EXERCISE AIM: Everything in the listing that follows should be reproduced exactly except the pictures.

── SUPPLIED INFORMATION ──

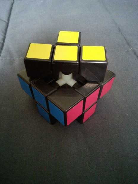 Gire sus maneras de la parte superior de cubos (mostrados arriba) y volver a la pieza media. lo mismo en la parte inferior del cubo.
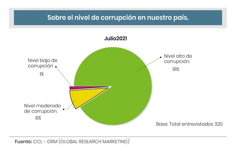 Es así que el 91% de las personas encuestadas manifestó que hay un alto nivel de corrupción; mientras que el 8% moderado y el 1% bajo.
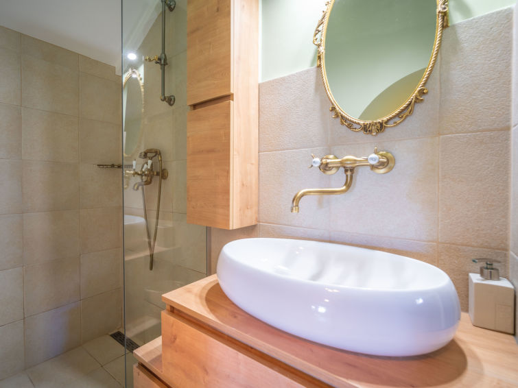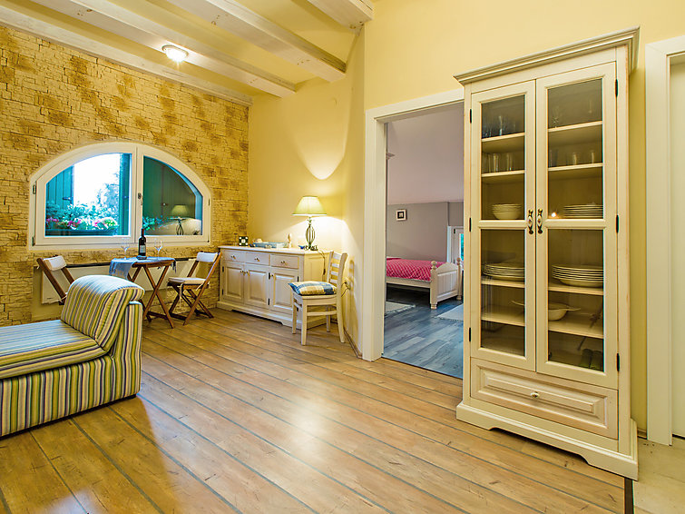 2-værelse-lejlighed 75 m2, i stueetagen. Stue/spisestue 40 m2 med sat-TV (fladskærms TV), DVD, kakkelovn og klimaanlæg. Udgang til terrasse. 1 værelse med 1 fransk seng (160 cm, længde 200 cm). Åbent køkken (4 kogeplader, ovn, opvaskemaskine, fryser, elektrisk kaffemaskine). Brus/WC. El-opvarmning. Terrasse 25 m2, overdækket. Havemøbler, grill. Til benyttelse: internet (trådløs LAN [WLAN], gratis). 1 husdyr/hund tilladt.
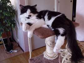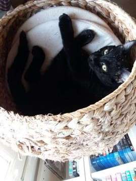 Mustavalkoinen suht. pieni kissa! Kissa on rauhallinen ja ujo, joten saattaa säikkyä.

───

ANSWER TO THIS TASK:
 Gire sus maneras de la parte superior de cubos (mostrados arriba) y volver a la pieza media. lo mismo en la parte inferior del cubo.
 Es así que el 91% de las personas encuestadas manifestó que hay un alto nivel de corrupción; mientras que el 8% moderado y el 1% bajo.
 2-værelse-lejlighed 75 m2, i stueetagen. Stue/spisestue 40 m2 med sat-TV (fladskærms TV), DVD, kakkelovn og klimaanlæg. Udgang til terrasse. 1 værelse med 1 fransk seng (160 cm, længde 200 cm). Åbent køkken (4 kogeplader, ovn, opvaskemaskine, fryser, elektrisk kaffemaskine). Brus/WC. El-opvarmning. Terrasse 25 m2, overdækket. Havemøbler, grill. Til benyttelse: internet (trådløs LAN [WLAN], gratis). 1 husdyr/hund tilladt.
 Mustavalkoinen suht. pieni kissa! Kissa on rauhallinen ja ujo, joten saattaa säikkyä.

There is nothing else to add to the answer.